Most universities and colleges* in German-speaking Europe are open again these days. After 1.5 years of ‘remote instruction’ for students and ‘home office’ for its academic staff—what about the administrative-technical personnel?—lecture halls and seminar rooms, as well as campuses, are again teeming with life. Yet, to paraphrase Marcellus, something is indeed rotten in the state of academia.
(* This is U.S. verbiage, I know, but it quite accurately reflects public and private higher education institutions ranging from universities to institutions of teacher education to so-called ‘applied universities’, or Fachhochschulen.)
This autumn, institutions of higher education (sic) have introduced national ‘Green Passes’, or ‘Covid Certificates’, which means anyone attending his or her lectures must be either vaccinated (getestet), recovered (genesen), or tested (getestet). In everyday language, this has become known as ‘3G’.
While higher education in the German-speaking areas is highly varied, the main feature—the ‘return’ of staff and students to the hallowed halls of knowledge, but there are a number of important caveats. Those who elect to forego injection with experimental substances (commonly referred to as ‘Covid vaccines’), is excluded. Only those who either submit to participate in the largest medical trial—experiment—of all time are allowed to participate in full.
Over the summer, governments in Austria, Germany, and Switzerland moved to end ‘free’ testing for their citizens-turning-into-subjects, which threatened the wallets of the notoriously precarious student body. Prices for rt-PCR tests (valid 48-72 hours) or antigen rapid tests (valid 24-48 hours) vary widely, but they cost between 10-30 € per test.
This is another sign of the rule of law turning devolving more and more into an instrument to bludgeon citizens into submission. Still, most governments ‘outsourced’ responsibility for these actions to lower levels. Traditionally, higher education falls into the purview of individual states (Länder in Austria and Germany, Kantone in Switzerland), hence the federal governments also decreed that it is on these subsidiary levels that responsibility rests.
In another weird twist, many university leaders went farther than the decrees and executive orders allowed. Take, say, the Swiss case: most universities and colleges introduced Covid passes before the regulations were in place, with the president of the country’s largest university in Zurich brazenly declaring via email on 10 Sept. 2021:
‘A number of questions remain open about the practical implementation of the certificate requirement. As soon as these questions have been clarified, you will be informed of the details.’
Open issues included contract law (enrolment is, legally, a mutually applicable contract), data security, the right to privacy, and, last but not least, who would be performing the Covid certificate checks, as well as the small, if highly relevant issue, of what to do if any student refused to show his or her papers.
Also, note the authoritarian nature: the university president arrogates juridical competence in all of these dealings. Note, further, that blanket paper checks were not permissible before 24 September 2021, as a brief look into currently valid executive orders reveals, to say nothing about the similarly problematic—outright illegal—notion that the president of a public university gets to intervene in a number of other legal categories.

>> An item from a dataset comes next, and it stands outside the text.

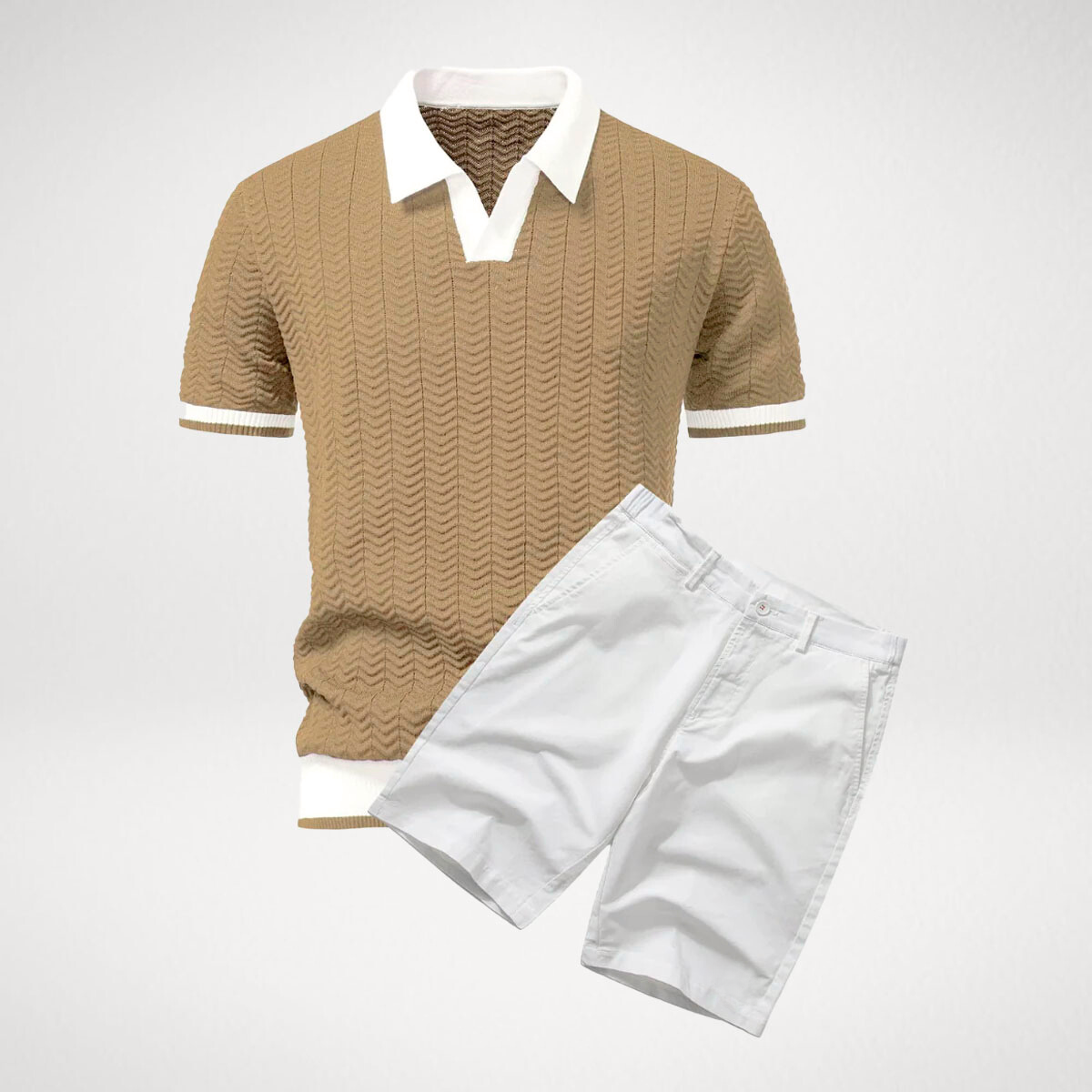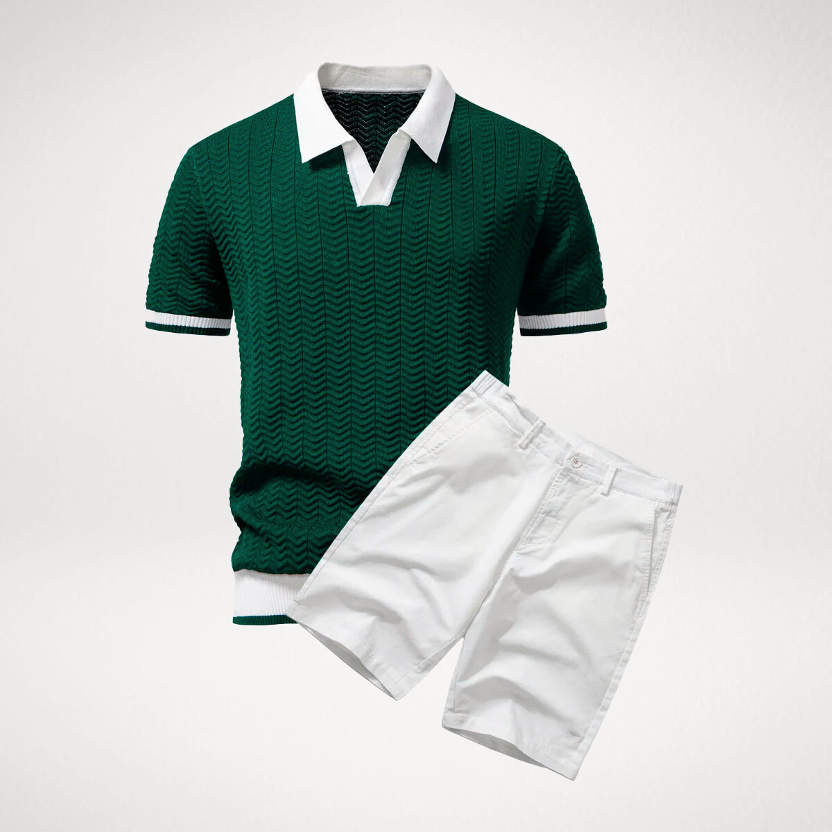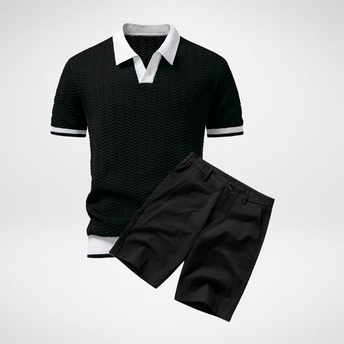 Verleihen Sie Ihrem Alltag neuen Stil mit dem Classic Contrast Set – wo elegantes Design auf lässigen Komfort trifft. Dieses sorgfältig zusammengestellte Set umfasst ein elegantes Poloshirt mit markanten Kontrastdetails und eine perfekt abgestimmte Shorts mit Kordelzug, die den Look mit dezentem Stil abrundet.

Weirdly enough, the autumn term commenced with the U of Zurich backpedalling in part, offering ‘free’ Covid testing to ensure every student and employee may attend classes (but with explicit notice that these ‘teaching certificates’ won’t be accepted in canteens or gyms). Apparently, someone over at the university’s legal department bothered to read the regulations and inform the leadership, at least to certain degrees.
Finally, the universities have given power to individual instructors to actually check student papers before entering lecture halls, enabling the ‘authoritarian persona’ of faculty and teaching staff to come to the fore. This is not a joke, as numerous examples of wearables such as armbands at, e.g., the Universities of Hannover, Germany, or Linz, Austria, show. Despite history showing this to be a slippery slope, esp. in German-speaking lands, one may now identify compliance by outward appearance.
As a ‘funny’ aside, Swiss universities elected to conduct ‘only’ spot (random) checks, which put them at odds with the country’s powerful restaurant lobby Gastrosuisse. Long opposed by Switzerland’s restaurateurs for obvious reasons, the university’s ‘cavalier’ approach to actually checking the papers made quite some waves, as reported by the Neue Zürcher Zeitung, Switzerland’s equivalent of the NYT.
Compliance being key, only around 150 students and, tellingly, no faculty opposed these measures in a recent protest. With current ‘decision-makers’ and future leaders who overwhelmingly abstain, there is little hope left for the return of the rule of law.